Required action: Everything below from the line with "Show more Transform" through the line with "150์ฐจ์์์ ์กฐ๊ธฐ ์ข ๋ฃํ ๊ฒ์ ๋ณผ ์ ์๋ค." should be copied exactly, and nothing else; leave out the pictures.

Material to process:
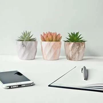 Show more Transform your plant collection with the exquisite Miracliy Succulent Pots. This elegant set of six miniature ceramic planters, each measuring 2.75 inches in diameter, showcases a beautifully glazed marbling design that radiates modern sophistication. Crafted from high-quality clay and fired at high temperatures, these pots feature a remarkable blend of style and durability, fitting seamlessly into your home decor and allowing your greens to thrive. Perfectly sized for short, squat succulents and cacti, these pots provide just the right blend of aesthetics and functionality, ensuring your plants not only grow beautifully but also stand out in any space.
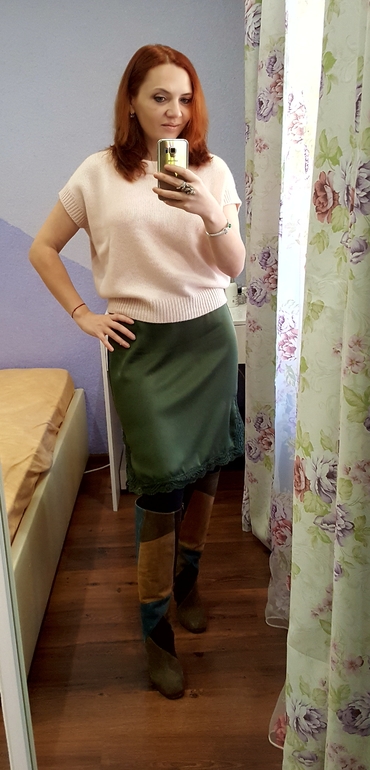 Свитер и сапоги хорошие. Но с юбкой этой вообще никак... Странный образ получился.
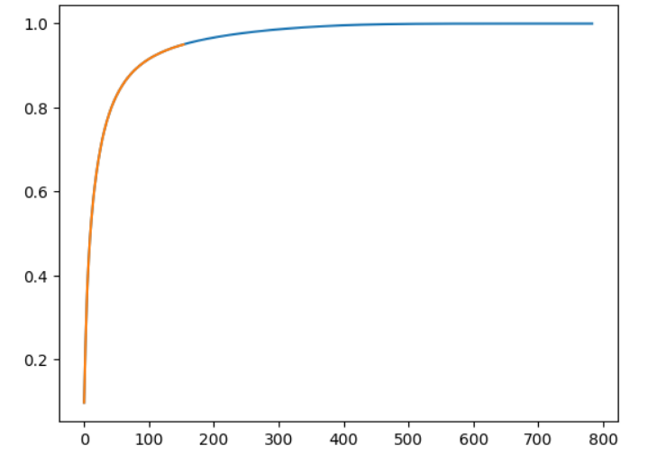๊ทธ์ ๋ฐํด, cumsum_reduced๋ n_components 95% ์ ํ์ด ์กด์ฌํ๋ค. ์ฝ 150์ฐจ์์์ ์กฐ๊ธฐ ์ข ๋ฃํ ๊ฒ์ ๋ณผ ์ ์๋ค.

* * *

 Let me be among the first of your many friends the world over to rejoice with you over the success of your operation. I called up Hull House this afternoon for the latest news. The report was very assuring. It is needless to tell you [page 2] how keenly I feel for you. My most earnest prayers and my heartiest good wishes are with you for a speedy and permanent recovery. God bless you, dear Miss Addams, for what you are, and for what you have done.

--

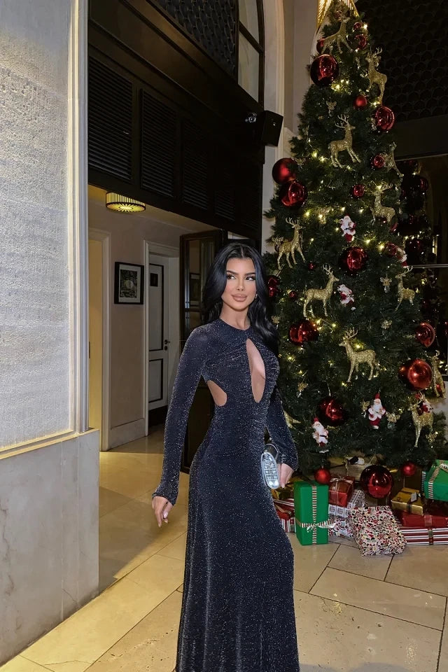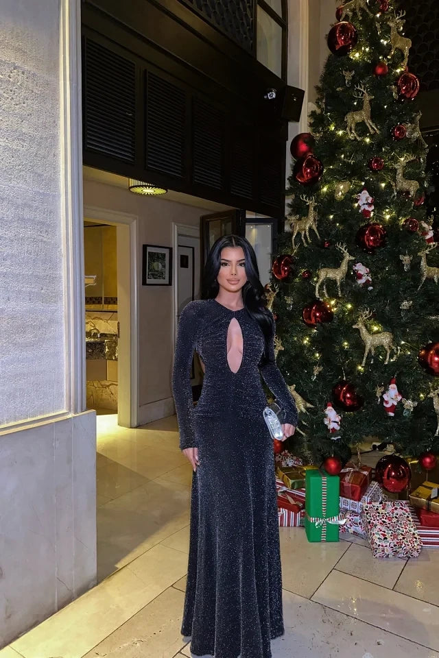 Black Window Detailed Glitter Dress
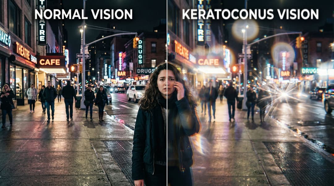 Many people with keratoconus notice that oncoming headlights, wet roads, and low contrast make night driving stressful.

Result for this exercise:
 Show more Transform your plant collection with the exquisite Miracliy Succulent Pots. This elegant set of six miniature ceramic planters, each measuring 2.75 inches in diameter, showcases a beautifully glazed marbling design that radiates modern sophistication. Crafted from high-quality clay and fired at high temperatures, these pots feature a remarkable blend of style and durability, fitting seamlessly into your home decor and allowing your greens to thrive. Perfectly sized for short, squat succulents and cacti, these pots provide just the right blend of aesthetics and functionality, ensuring your plants not only grow beautifully but also stand out in any space.
 Свитер и сапоги хорошие. Но с юбкой этой вообще никак... Странный образ получился.
๊ทธ์ ๋ฐํด, cumsum_reduced๋ n_components 95% ์ ํ์ด ์กด์ฌํ๋ค. ์ฝ 150์ฐจ์์์ ์กฐ๊ธฐ ์ข ๋ฃํ ๊ฒ์ ๋ณผ ์ ์๋ค.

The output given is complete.